The new restaurant will be more accessible than the current offering and is described by O’Hare as having a “surf shack" feel with a brutalist design.
Announcing the news on Instagram, O’Hare said the move was in response to the changing restaurant landscape that has been hit first by Brexit, then the pandemic and then the current cost of living crisis.
“Things need to change because the world has changed and I‘ve changed, my team has changed,” he says. “Our ability hasn’t but the world has.”

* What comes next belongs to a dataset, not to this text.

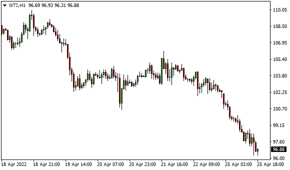 Vývoj ceny ropy WTI (1hodinový graf - H1):

Psycho Sandbar will serve a “fish heavy” menu and move away from the set menu format currently served at The Man Behind The Curtain to give diners more flexibility. “It will be a surf shacky kind of restaurant that is brutalist in design where you can eat beautifully grilled fish, pitta bread with plankton [have] champagne cocktails, whatever you want,” says O’Hare.
“You can do six plates and have whole roast duck if you want, we just want to categorise things in a way that’s like ‘this is the product, that’s what we are going to do to it and that’s how much it costs' and if you want it - and you really do.”
The restaurant is still going to be refined and offer a fine dining experience but in a much more accessible way, according to the chef.
Earlier this year O’Hare launched a ‘menu rapide’ at the restaurant to encourage more people to dine with him. Diners can choose from a four-course lunch for £40 or a six-course dinner for £60, significantly less than the £165 O’Hare charges for a Saturday dinner.
The Man Behind The Curtain’s last service will be 31 December, after which time the restaurant will close for a few weeks for a refurb before reopening as Psycho Sandbar.
“Then in comes a new baby,” adds O’Hare. “It’s the same team, the same building and company - these things don’t change. All that is changing is the name, offering and outlook.”